April, 1985
by Dr. Mike Desing
She hung there for a moment, taking it all in.
A mile below, it spread out before her. Her new home. San Helios. Saint of the Sun. Founded by Ferdinando DeDestro in 1772. Home to the San Helios Bridge, the Seven Statues of Martyrs, the three-time world champion San Helios Dragons professional football team, and 2.73 million people.
She knew the numbers. Facts. Statistics. These were the easy things.
The people. She wanted to know the people. She wasn’t going to get to know them from up here. She took a breath and descended.
Immediately, the city shifted on her. The luster of distance became the harsh reality of focus. Before she could even touch down, she could feel it. Listlessness. Pain. Filth. The anger and frustration and resentment and sadness of those who had come to find the sun, but had discovered something much darker instead. Helios shimmered off of the skyscrapers, but he cast long shadows into the alleys.
In one of these alleys, a man was pulling at a woman. Taking something from her. Forcing her to do something. It was not clear. None of this was clear.
Skye was hovering now, in the alley, maybe twenty paces from the man. He had his back to her, and he had pushed the woman against a wall. The woman was crying.
“Stop.”
The man turned around. He reached into his jacket. A pistol.

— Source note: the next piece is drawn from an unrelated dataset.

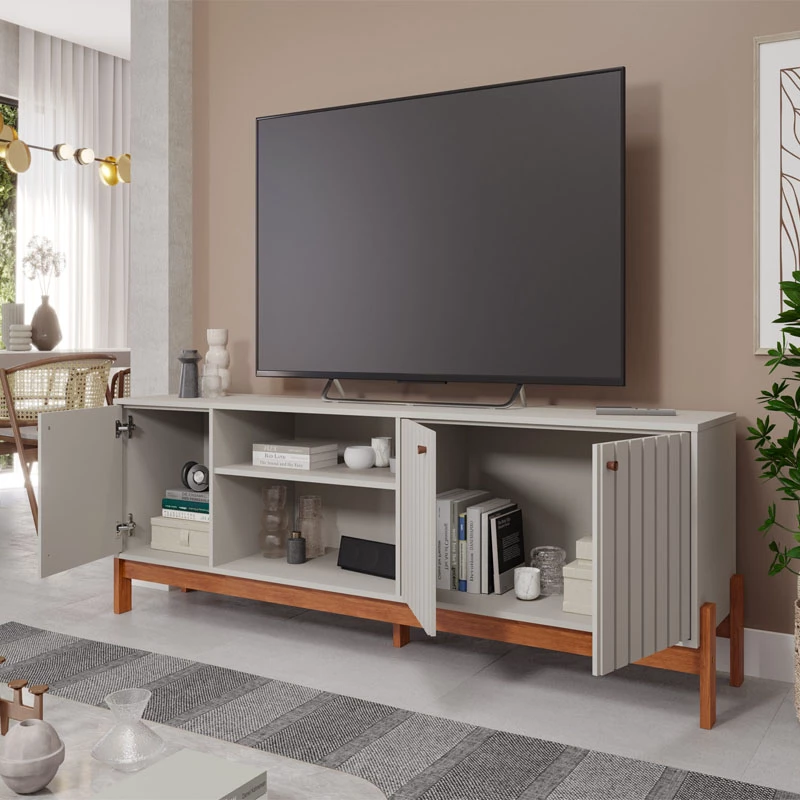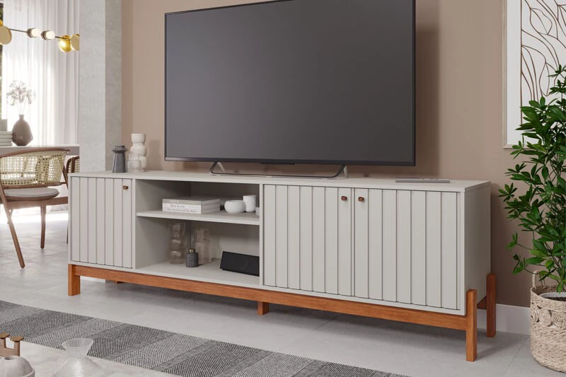 Rack Bancada Holanda Ripado 100% MDF larg. 2.05m Off White/Cinamomo Permobile
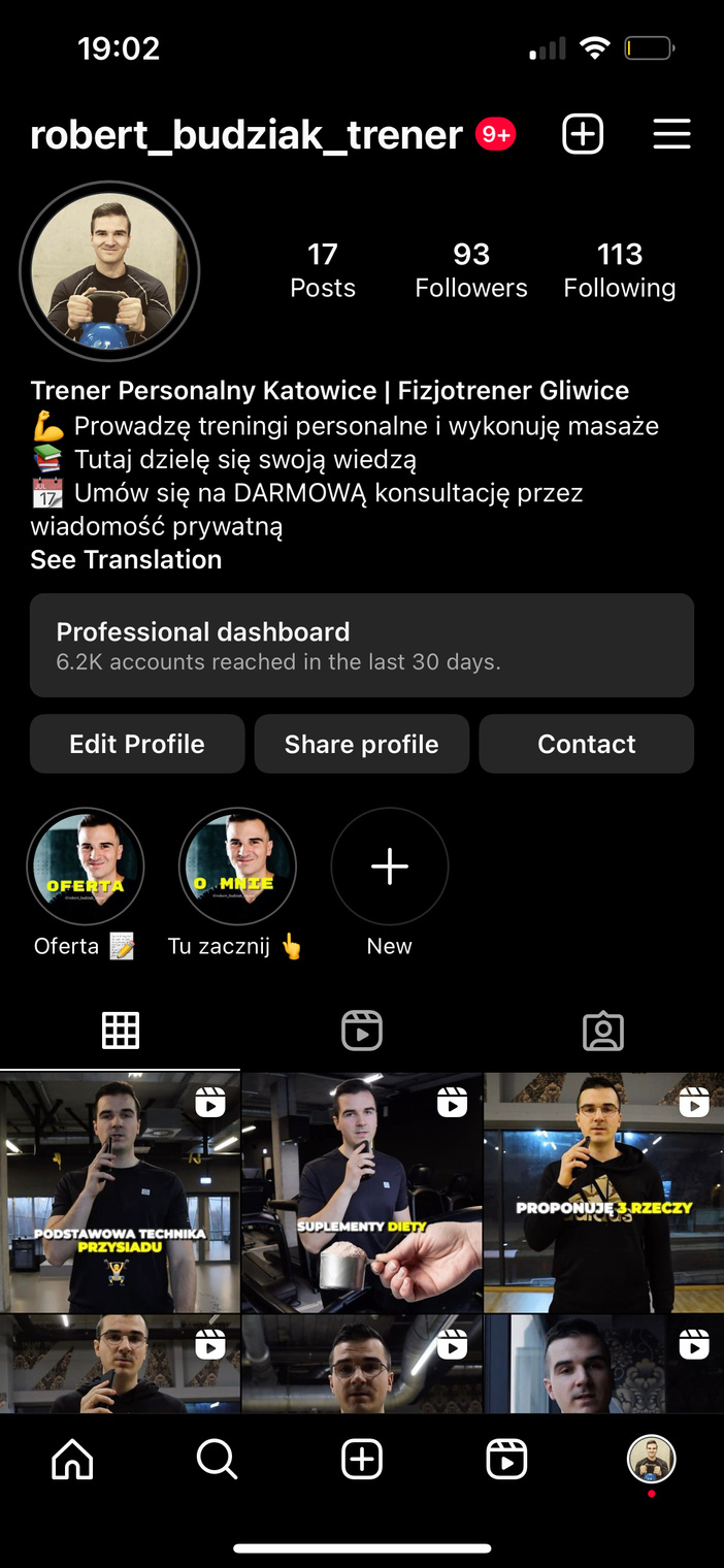 Zmieniliśmy opis w BIO oraz nazwę, która teraz uwzględnia słowa kluczowe takie jak "trener personalny", "Katowice".

Skye didn’t like weapons. She especially didn’t like pistols. She wanted to like all people, but she had already decided she did not like this man. “I want to help you, but you have to stop this. Immediately.”
A bullet ricocheted off of her shoulder. It stung a bit, but it was more surprising than painful. She took a moment to process this. Did he just try to shoot me?
Two more bullets ricocheted in succession. More stinging. Less surprise. Anger.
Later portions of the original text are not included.